Thinking outside the box is a rarity these days. Some people do it automatically in everything they do and are called, weird, odd, strange and a host of other not so nice descriptions. Unfortunately the great majority of people that are truly out-there are artists and creative types. In order to create something that people will pay attention to you must be out-there. I’ve been lucky enough to be labeled out-there since I was seven or eight years old by my parents and friends alike. That to me has always been a badge of honor and always will be.

People continuously use the word weird for those of us who are strange, little off center, or just plain different in our way of thinking. I’ve been called much worse by many people over the years due to my unusual approach to the art I create. I understand that some people are offended by that description but I never was. I’m a firm believer that if you walk by any of my projects and didn’t stop for a second look, I wasn’t getting the job done.

Many years ago I created a piece called “Death Penalty”, and it was displayed in a museum art show. To my great surprise it actually won an Honorable Mention award from the judges. I created a miniature electric chair with all the bells and whistles of a real one. It sat upon a base covered in a collage of death penalty photos and newspaper articles which made quite the graphic statement about the death penalty, both pro and con.

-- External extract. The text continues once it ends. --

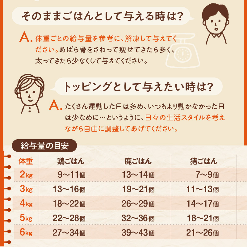 鶏もも肉、桜島鶏ささみ、国産野菜(さつまいも、人参、小松菜、舞茸)、米(白米、黒米)、焼きあごだし(長崎県平戸産)、ブルーベリー、キウイ、オリーブオイル、海藻(アイルランド西海岸産)、生酵素

I stood on a raised stage nearby drinking coffee and watching the main floor of the exhibit. People were milling around but I was more interested in those looking at my piece. It drew quite a crowd and a lot of discussions were occurring. I mingled among the crowd anonymously listening to comments and the numerous and varied conversations. The consensus of opinion was that the artist was a little weird and totally off-the-wall. I was absolutely thrilled. That meant even more to me than the Honorable Mention award. I was later approached by the father of a young Goth girl who attempted to buy the chair for her Christmas present. I didn’t have the heart to sell it and I kept that chair for many years before it eventually fell apart during one of my many moves. I’ve always had a hard time selling my art after putting so much effort into producing it. It’s like losing a child.

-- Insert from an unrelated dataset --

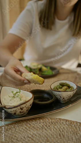 woman, eatery, indoor, mediterranean, food, dining, casual attire, meal, plate, bread, hand, olive, bowl, snack, serving, dish, lunch, table, sauce, dip, vegetable, dinner, tableware, cookery, scene, epicure, white, texture, taste, topping, menu, homemade, culture, hospitality, fresh, delicious, tasting, leisure, lifestyle, fork, favor, relax, crockery, healthy, simple, rustic
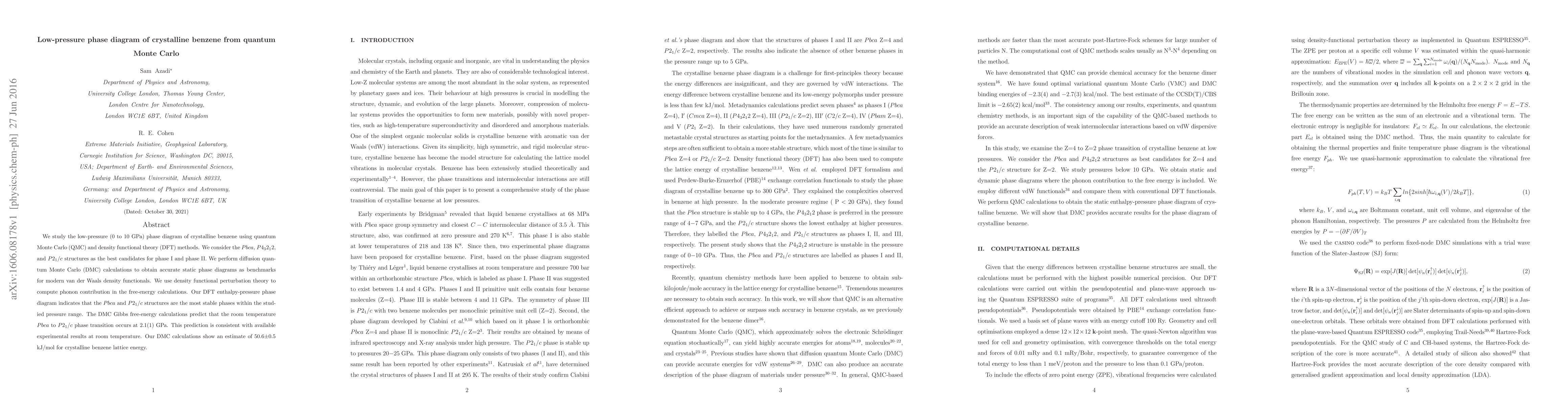 This study uses quantum Monte Carlo and density functional theory to map the low-pressure phase diagram of crystalline benzene, identifying $Pbca$ and $P2_1/c$ as the most stable phases. The predicted $Pbca$ to $P2_1/c$ phase transition at 2.1(1) GPa aligns with experimental data.

Now let’s drop back few decades to my days in college. I was inspired by a fellow student after being requested to do some sort of display that would sell a fictional product. This was a commercial art class and a required subject which I truly detested. I thought it was too blatantly commercial and I complained to everyone. A fellow student on the day of the final review took me aside and said “your taking this stuff way too seriously”. He took me into another room and under a sheet on the table showed me his final project. He’d set up a place-setting with a knife, fork, spoon, lacy napkins, and a half filled bottle of Coke. Directly behind the place-setting was a a faux campfire. Over this fire he’d placed a headless baby doll on a spit. He spray painted the doll with a reddish paint to make it look roasted. I was a little shocked at first until he uncovered the last part of his project. He pulled the the sheet away to show me a large, round, red, Coca-Cola sign. It simply stated “Things Go Better With Coke”. I was blown away and thrilled to have met someone who was truly out-there. All these years later I still remember him, the piece, and the attitude it took to make it. I also remember that he got an “A” on the project and I didn’t. I’m carrying on his philosophy as best I can to this day.

If you’re a creative type and I hope you are, don’t let people put you in a box. It’s been my experience that the further out-of-the-box you can take yourself the better your work will be. There are way too many people spending way too much time being critical of virtually everything. To be an artist, poet, or writer is to put your creations “out there” for public viewing. It’s the most rewarding risk you can take.